[Your instructions]
The records below must be reproduced exactly, excluding any pictures.

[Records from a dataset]
_ _ _

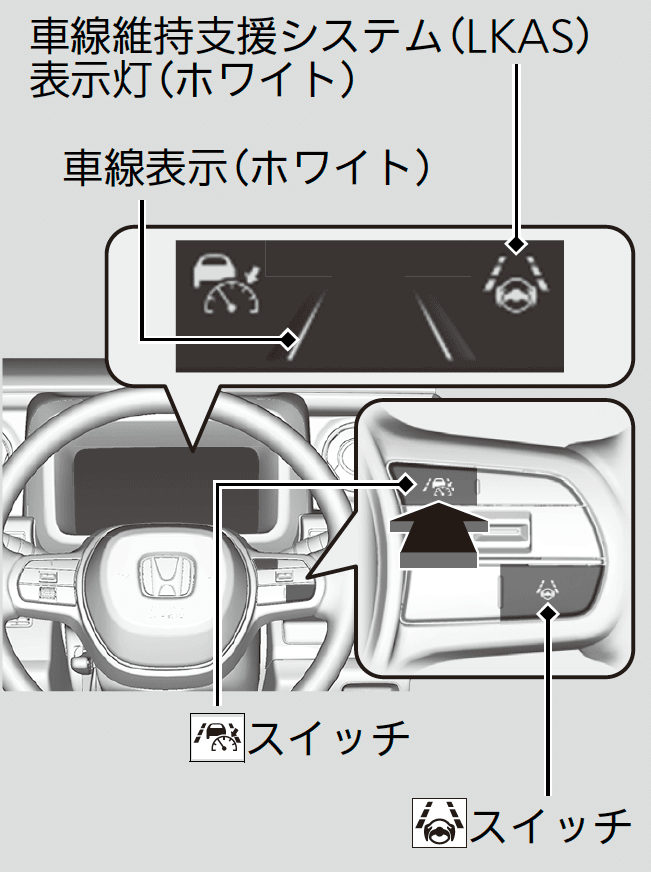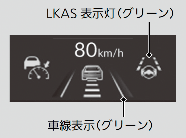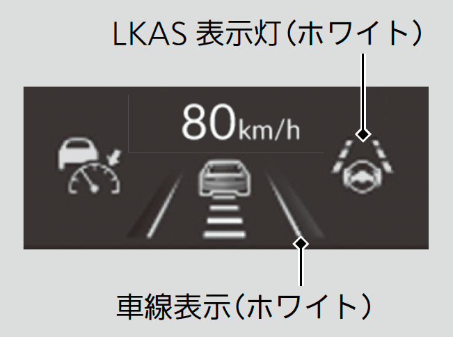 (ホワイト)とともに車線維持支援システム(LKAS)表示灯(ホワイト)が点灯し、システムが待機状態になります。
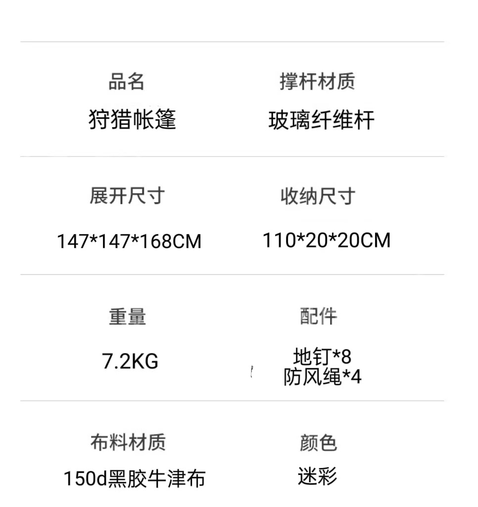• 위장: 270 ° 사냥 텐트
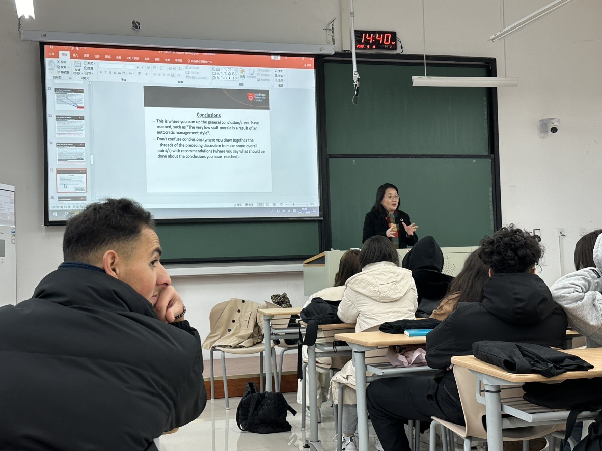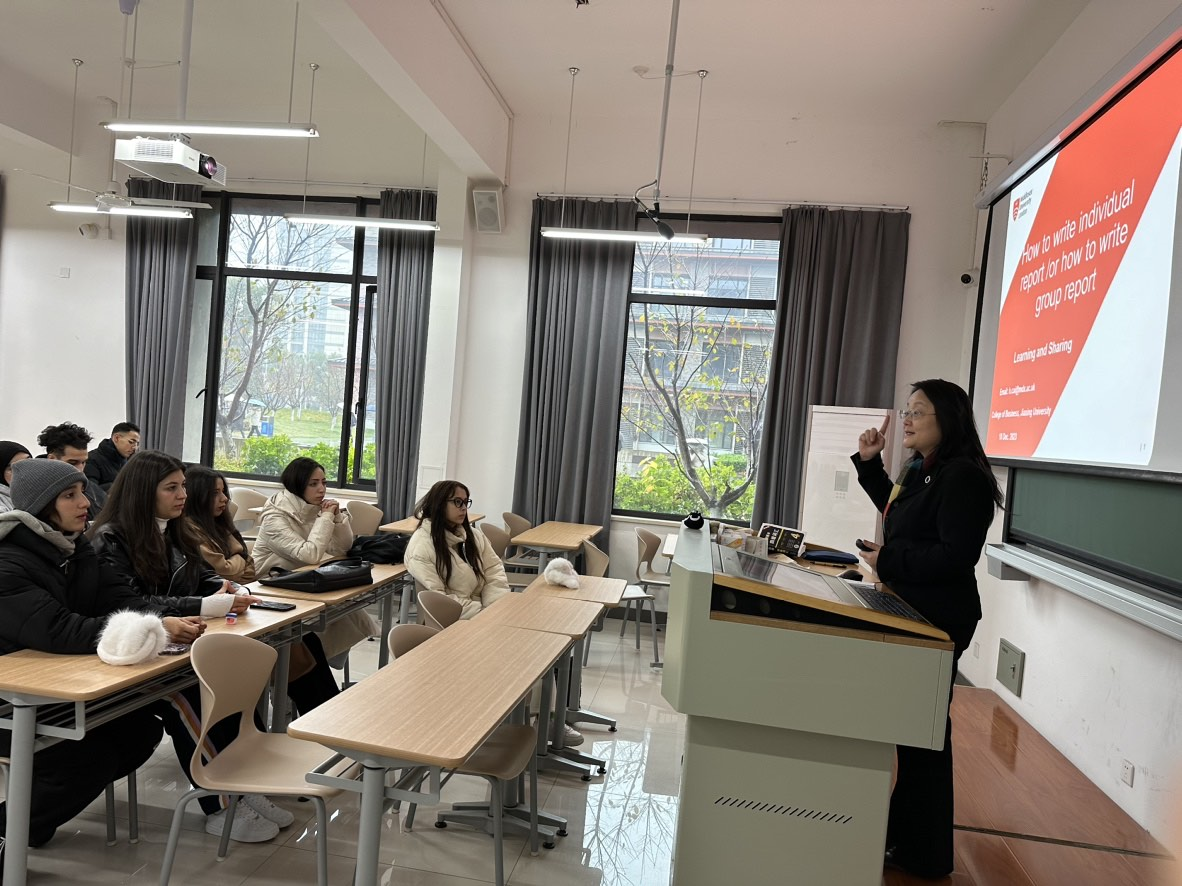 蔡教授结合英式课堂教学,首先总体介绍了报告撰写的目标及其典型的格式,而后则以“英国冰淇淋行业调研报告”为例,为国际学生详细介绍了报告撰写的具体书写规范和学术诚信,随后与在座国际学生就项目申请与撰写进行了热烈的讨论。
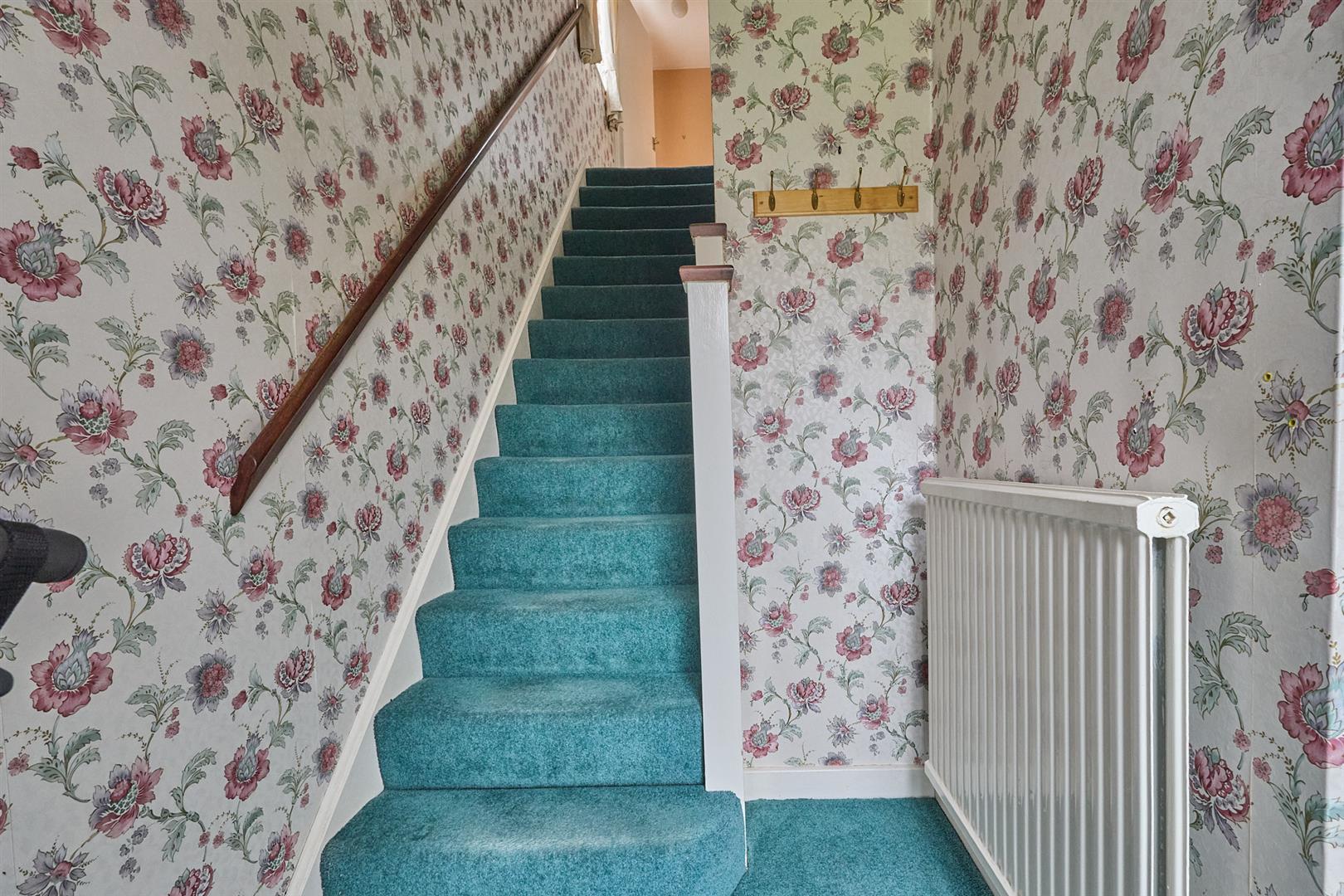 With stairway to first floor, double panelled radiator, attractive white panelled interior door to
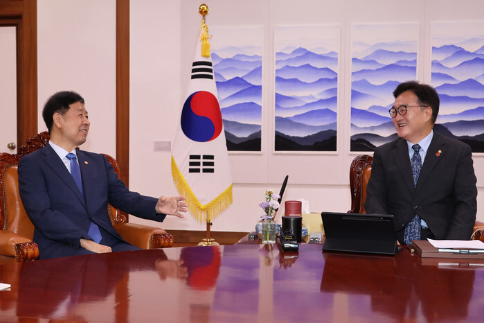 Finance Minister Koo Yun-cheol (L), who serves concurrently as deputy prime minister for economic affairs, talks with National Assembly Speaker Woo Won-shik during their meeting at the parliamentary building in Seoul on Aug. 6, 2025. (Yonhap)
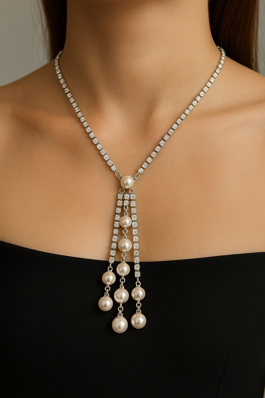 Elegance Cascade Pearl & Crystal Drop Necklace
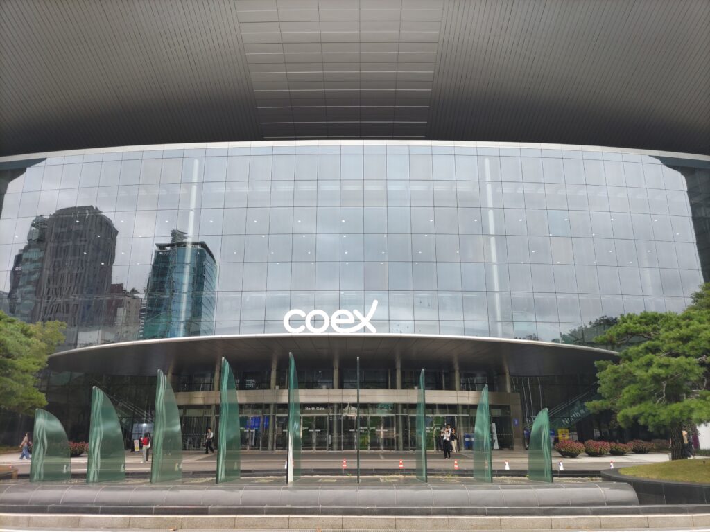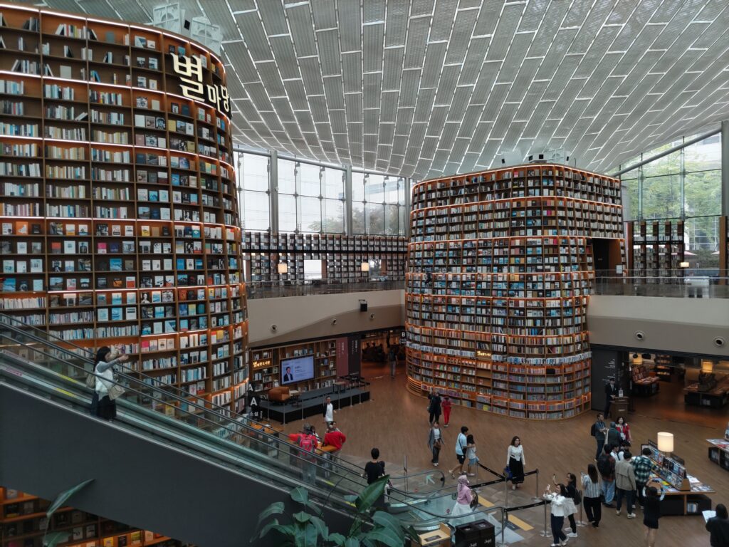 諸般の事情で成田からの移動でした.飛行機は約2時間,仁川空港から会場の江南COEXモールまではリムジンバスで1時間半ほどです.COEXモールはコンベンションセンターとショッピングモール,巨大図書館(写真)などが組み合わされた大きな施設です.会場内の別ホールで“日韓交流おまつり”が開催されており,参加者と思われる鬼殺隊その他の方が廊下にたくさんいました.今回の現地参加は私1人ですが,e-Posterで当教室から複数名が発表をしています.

_ _ _

[Result of this task]
 (ホワイト)とともに車線維持支援システム(LKAS)表示灯(ホワイト)が点灯し、システムが待機状態になります。
• 위장: 270 ° 사냥 텐트
 蔡教授结合英式课堂教学,首先总体介绍了报告撰写的目标及其典型的格式,而后则以“英国冰淇淋行业调研报告”为例,为国际学生详细介绍了报告撰写的具体书写规范和学术诚信,随后与在座国际学生就项目申请与撰写进行了热烈的讨论。
 With stairway to first floor, double panelled radiator, attractive white panelled interior door to
 Finance Minister Koo Yun-cheol (L), who serves concurrently as deputy prime minister for economic affairs, talks with National Assembly Speaker Woo Won-shik during their meeting at the parliamentary building in Seoul on Aug. 6, 2025. (Yonhap)
 Elegance Cascade Pearl & Crystal Drop Necklace
 諸般の事情で成田からの移動でした.飛行機は約2時間,仁川空港から会場の江南COEXモールまではリムジンバスで1時間半ほどです.COEXモールはコンベンションセンターとショッピングモール,巨大図書館(写真)などが組み合わされた大きな施設です.会場内の別ホールで“日韓交流おまつり”が開催されており,参加者と思われる鬼殺隊その他の方が廊下にたくさんいました.今回の現地参加は私1人ですが,e-Posterで当教室から複数名が発表をしています.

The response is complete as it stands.